Рафаэль Сабатини
Меч Ислама. Псы Господни. Черный лебедь (сборник)
Rafael Sabatini
THE SWORD OF ISLAM
First published in 1939
THE HOUNDS OF GOD
First published in 1928
THE BLACK SWAN
First published in 1932
Copyright © Action Medical Research, Cancer Research UK and Royal National Institute for the Blind
This edition published by arrangement with A. P. Watt at United Agents LLP and The Van Lear Agency LLC
© А. Шаров (наследники), перевод, 2015
© Л. Биндеман, перевод, 2015
© И. Алчеев, перевод, 2015
© Издание на русском языке, оформление. ООО «Издательская Группа „Азбука-Аттикус“», 2015
Издательство АЗБУКА®
* * *
Меч Ислама
Перевод А. Шарова
На расстоянии ружейного выстрела от берега, в том самом месте, где гладкая как зеркало вода из изумрудной становилась сапфировой, сонно стоял на якорях длинный ряд галер с парусами, вяло поникшими в неподвижном мареве августовского полудня.
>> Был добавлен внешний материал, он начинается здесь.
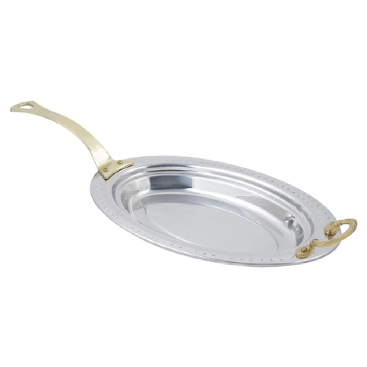 The Bon Chef 5488HL Food Pan Full Oval 2-1/2 Qt. (80 Oz.) Capacity seamlessly marries functionality with aesthetic appeal, making it a standout choice for diverse culinary environments. Crafted in a full oval shape, this food pan boasts a generous 2-1/2 quart (80 oz.) capacity, ideal for both small-scale and extensive food preparations. Measuring 19 inches by 11-13/16 inches by 2 inches, it provides ample room for presenting and storing a variety of dishes. The inclusion of a long handle enhances maneuverability, ensuring ease of use in bustling kitchen settings. Constructed from high-quality stainless steel, the food pan underscores durability while facilitating easy cleaning and maintenance. The Laurel design adds a touch of elegance, making it a perfect fit for upscale dining establishments and catered events. Certified by NSF and UL, it adheres to rigorous public health and safety standards, reinforcing its reliability in professional settings. The Bon Chef 5488HL Food Pan is a practical and stylish solution for chefs and food service professionals seeking a versatile and robust kitchen staple that meets the demands of both functionality and design aesthetics.

Именно с этой позиции Андреа Дориа и следил за заливом от скалистого мыса Портофино на востоке до далекого Капе-Мелле на западе, перекрывая таким образом все морские подходы к Великой Генуе, в сияющем мраморном великолепии поднимающейся террасами в объятиях окружающих ее гор.
В тылу длинного ряда кораблей расположилась теперь уже ставшая вспомогательной эскадра из семи папских судов. Богато украшенные и позолоченные от носа до кормы, они несли на своих топ-мачтах папские флаги: на одном – ключи святого Петра, на другом – регалии дома Медичи, к которому принадлежал его святейшество. По каждому из красных бортов располагались наклоненные к корме и чуть приподнятые вверх тридцать массивных весел, длиной тридцать шесть футов каждое, похожие сейчас на гигантский, наполовину сложенный веер.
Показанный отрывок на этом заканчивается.